This project provides a pipeline to build rainfall forecast models. The pipeline can be configured with different meteorological data sources.
In the root directory of this repository, type the following command (you must have conda installed in your system):
./setup.sh
The project pipeline is defined as a sequence of three steps: (1) data retrieving, (2) data pre-processing and (3) model training. These steps are implemented as Python scripts in the ./src
directory.
All datasets retrieved and/or generated by the scripts will be stored in the ./data
folder.
- retrieve_ws_cor.py: This script retrieves observation from a user-provided weather station.
- retrieve_ws_inmet.py: This script retrieves observations for from a user-provided weather station.
- retrieve_as.py: this script retrieves atmospheric sounding data.
- retrieve_ERA5.py: this script retrieves numerical simulation data from the ERA5 portal.
This script will generate atmospheric instability indices for the data retrieveed by the script retrieve_as.py. Data from the SBGL sounding (located at the Galeão Airport, Rio de Janeiro - Brazil) will be used to calculate atmospheric instability indices, generating a new dataset. This new dataset contains one entry per sounding probe. SBGL sounding station produces two probes per day (at 00:00h and 12:00h UTC). Each entry in the produced contains the values of the computed instability indices for one probe. The following instability indices are computed:
- CAPE
- CIN
- Lift
- k
- Total totals
- Show alter
The preprocessing scripts are responsible for performing several operations on the original dataset, such as creating variables or aggregating data, which can be interesting for model training and its final result.

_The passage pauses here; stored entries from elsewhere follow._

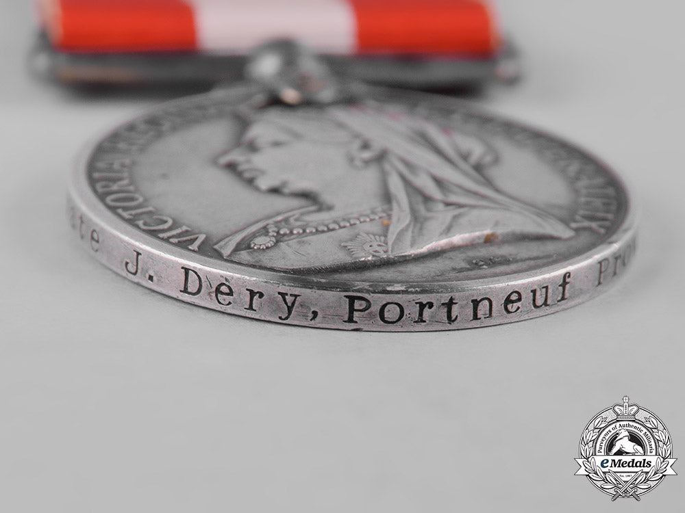 (Private J. Dery, Portneuf Prov. Batt.). Naming is officially impressed. Medal has the bust of Queen Victoria "de-crowned" on the obverse by an area actually being cut out of the medal itself, which also deletes most of text "CANADA" on the reverse, edge nicks, replacement ribbon with pinback, fine.
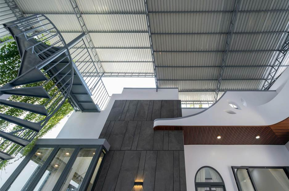 Hệ mái khéo léo tận dụng cấu trúc khung từ nhà kho cũ, không chỉ giữ lại dấu ấn công nghiệp độc đáo mà còn đóng vai trò như một tấm lá chắn khổng lồ, giảm thiểu đáng kể cái nóng gay gắt của miền nhiệt đới.
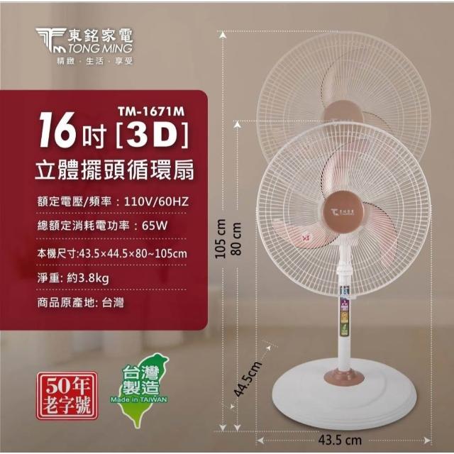 東銘 (12吋/16吋) 3D擺頭循環立扇 電風扇系列 TM-1277M TM-1671M

These scripts will build the train, validation and test dataset from the times series produced in the previous steps. These are the datasets to be given as input to the model training step.
The model generation script is responsible for performing the training and exporting the results obtained by the model after testing.
There are several Jupyter Notebooks in the notebooks directory. They were used for initial experiments and explorarory data analisys. These notebooks are not guaranteed to run 100% correctly due to the subsequent code refactor.